Coinciding with the publication of the Top500 supercomputer list earlier this week, the Top500’s sister list, the Green500, was published earlier this morning. The Green500 is essentially to power efficiency what the Top500 is to total performance, being composed of the same computers as the Top500 list sorted by efficiency in MFLOPS per Watt. Often, but not always, the most powerful supercomputers are among the most power efficiency, which can at times lead to surprises.

Much like the spring Top500 list, the spring Green500 list was dominated by IBM BlueGene/Q systems. With the assembly of a number of new heterogeneous supercomputers since then however, not only has BlueGene/Q been dethroned from the Top500 list, but now the Green500 list as well. In its place on both lists are systems using co-processors from all of the big three: Intel, AMD, and NVIDIA.

For the latest Green500 list, the #1 spot goes to Beacon, a Xeon Phi based supercomputer running at the National Institute for Computational Sciences. At only 44.89 KW, Beacon is a much smaller installation than the likes of the major BlueGene/Q supercomputers or Titan (placing just #253 on the Top500), but Xeon Phi makes a very strong showing here as Intel’s first retail MIC co-processor. Altogether Beacon hit 2499.44 MFLOPS/W, nearly 400 MFLOPS/W higher than the BlueGene/Q computers it has surpassed.

Meanwhile at #2 on the Green500 is King Abdulaziz City for Science and Technology’s SANAM supercomputer, which is the only computer on the list powered by AMD GPUs. SANAM uses 420 of AMD’s recently announced FirePro S10000 cards, which are in turn each composed of 2 of AMD’s Tahiti GPUs. While AMD has had a significant showing in the Green500 list for several years now from the CPU side of things, they have never been a contender as a co-processor vendor, so this is a significant breakthrough for AMD and their first modern GPU compute architecture, GCN. Though much like the Xeon Phi powered Beacon, SANAM is a relatively modest supercomputer; its 2351.1 MFLOPS/W efficiency being spread among only 179KW of total power consumption (making it #52 on the Top500).

Finally, at #3 is Titan, the recently launched Tesla K20X based supercomputer at Oak Ridge National Laboratory. Titan is the current #1 computer on the Top500 list and larger than any other computer on the Green500 list, so along with their top showing on the Top500 list NVIDIA can now also claim to be powering one of the most efficient supercomputers in the world, a significant boost in prestige for their Tesla division. At 2142.77 MFLOPS/W for power efficiency Titan can’t quite match the top Intel and AMD systems, but it’s enough to push past BlueGene/Q just as it did on the Top500 list.

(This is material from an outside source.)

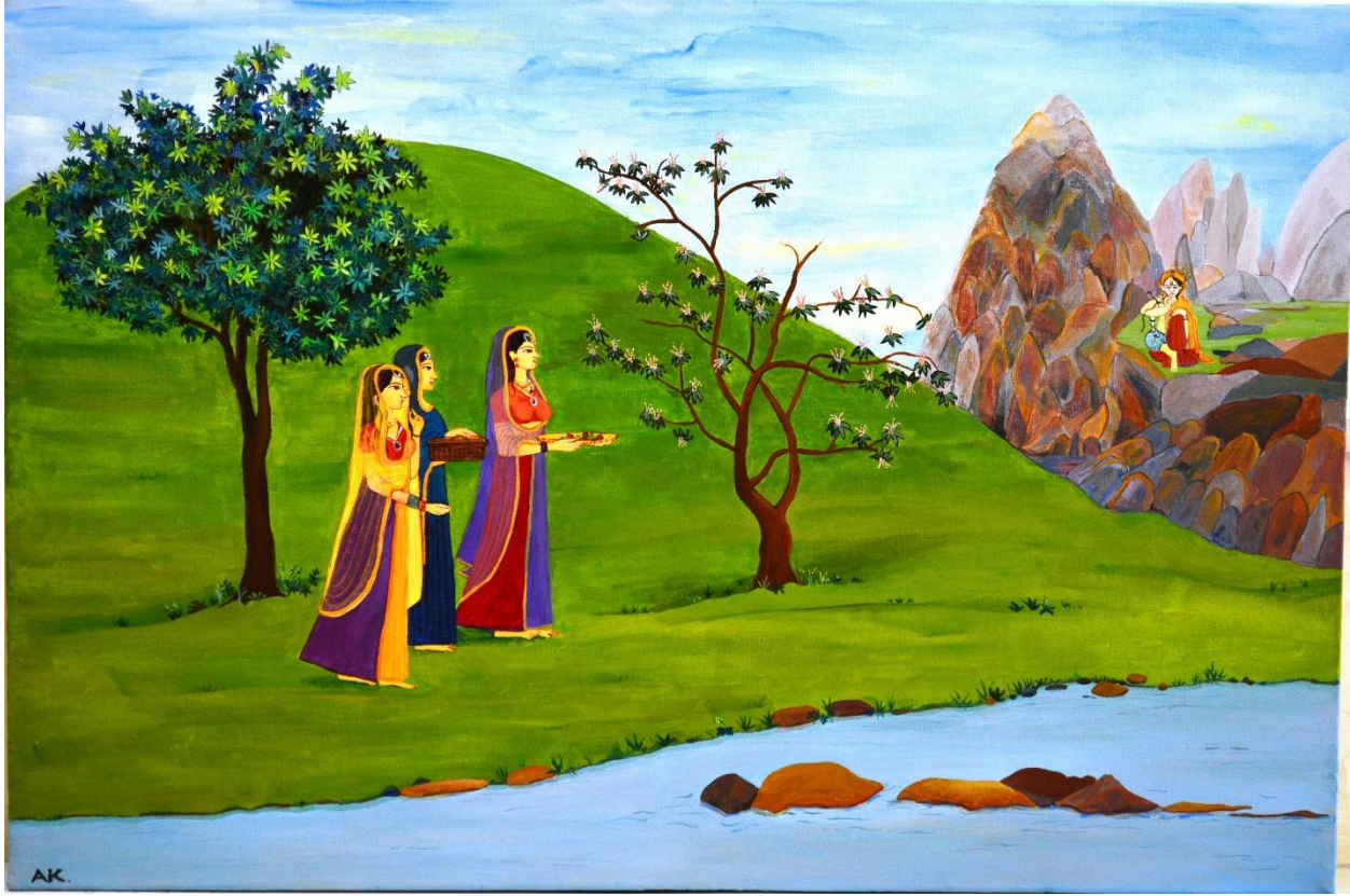
Small procession - Astrid Kiehn

What’s interesting from all of this data is that of the top 10 computers on the Green500 list, the top four computers on the list are all heterogeneous systems using co-processors; the previous 3 systems being Intel, AMD, and NVIDIA, followed by NVIDIA again at #4. Just 6 months ago the CPU-only BlueGene/Q dominated the list, so for Intel, AMD, and NVIDIA to rocket to the top is a significant achievement for GPUs and GPU-like processors. The use of co-processors means that more traditional x86 CPUs are also along for the ride at the top of the list, with Intel and AMD each splitting the top of the Green500 list at 2 each. Ultimately this isn’t the first time heterogeneous systems have had a strong showing on the Green500, but this is the first time they’ve swept the top of the list like this, and marks a major leap in power efficiency for heterogeneous systems that finally puts them on-par with (and beyond) BlueGene/Q.

Source: Green500

Comments Locked


View All Comments

  • MadMan007 - Wednesday, November 14, 2012 - link

    I read this <quote>King Abdulaziz City for Science and Technology</quote> and couldn't help but think of the movie The Dictator.
  • gevorg - Wednesday, November 14, 2012 - link

    are you Jewish?
  • chizow - Wednesday, November 14, 2012 - link

    Seems that's where all the intent is heading after the recent announcements by AMD and Samsung to build servers using ARMv8. There's even been speculation that Nvidia's next-gen GPUs will integrate ARM cores as their command processors directly into their GPU die designs.
  • MrSpadge - Wednesday, November 14, 2012 - link

    The current ARM cores wouldn't be very good for massively parallel crunching. THere are diminshing returns at higher core counts (even for such workloads), so you want as many CPUs which are as fast as you can reasonably make them. That's not ARMs current strength.
  • chizow - Wednesday, November 14, 2012 - link

    The x86 CPUs aren't doing any of the parallel computation either, even Intel's HPC solution relies on Xeon Phi which is based on Intel's failed attempt to enter the GPU market, Larrabee.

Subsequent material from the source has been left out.